### EXERCISE REQUIREMENTS
Set the data down exactly as it stands, and keep its pictures out.

### INPUT DATA
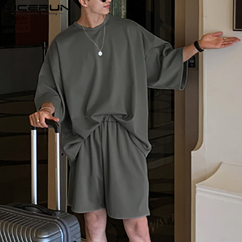 RisingHope Korea INCERUN 2PCS Mens Short Sleeve T Shirts Short Sleerwear Sets Sports Tracksuit Lounge Suit
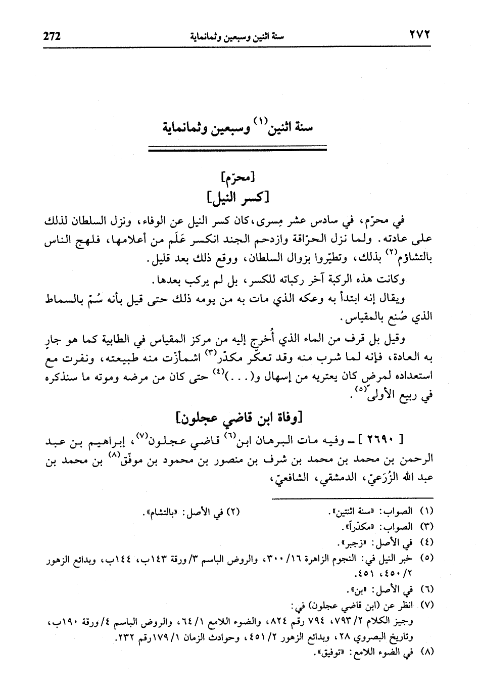 (¬5) خبر النيل في: النجوم الزاهرة 16/ 300، والروض الباسم 3 / ورقة 143 ب، 144 ب، وبدائع الزهور 2/ 450، 451.
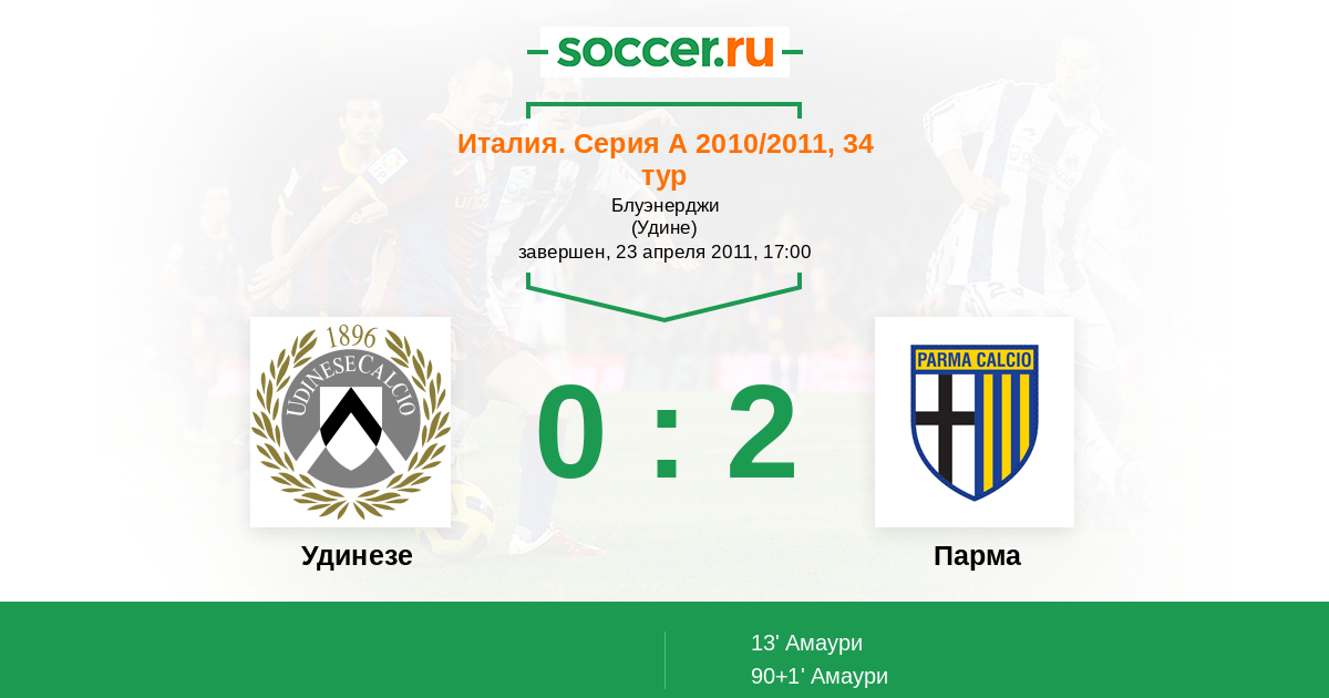 90+1' (0:2) Амаури (11) (Гобби Массимо (18))
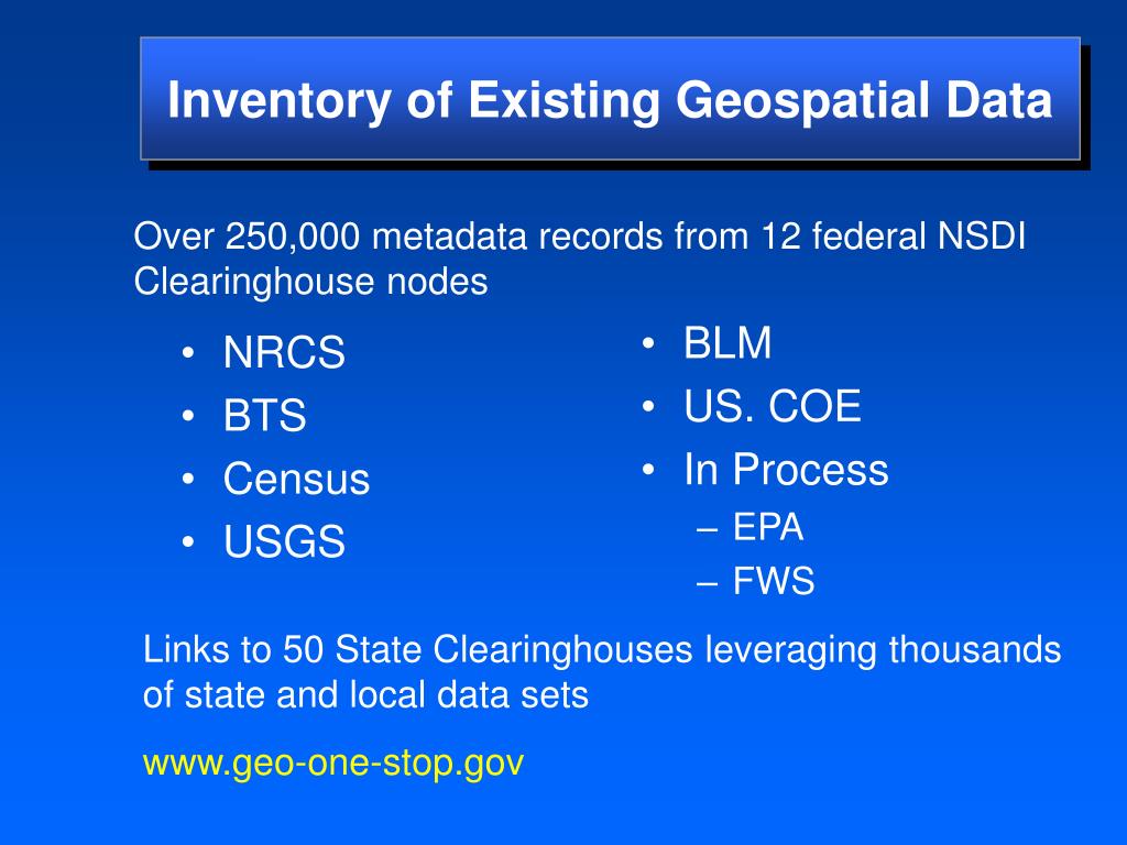 NRCS BTS Census USGS BLM US. COE In Process EPA FWS Inventory of Existing Geospatial Data Over 250,000 metadata records from 12 federal NSDI Clearinghouse nodes Links to 50 State Clearinghouses leveraging thousands of state and local data sets www.geo-one-stop.gov

### YOUR RESPONSE
 RisingHope Korea INCERUN 2PCS Mens Short Sleeve T Shirts Short Sleerwear Sets Sports Tracksuit Lounge Suit
 (¬5) خبر النيل في: النجوم الزاهرة 16/ 300، والروض الباسم 3 / ورقة 143 ب، 144 ب، وبدائع الزهور 2/ 450، 451.
 90+1' (0:2) Амаури (11) (Гобби Массимо (18))
 NRCS BTS Census USGS BLM US. COE In Process EPA FWS Inventory of Existing Geospatial Data Over 250,000 metadata records from 12 federal NSDI Clearinghouse nodes Links to 50 State Clearinghouses leveraging thousands of state and local data sets www.geo-one-stop.gov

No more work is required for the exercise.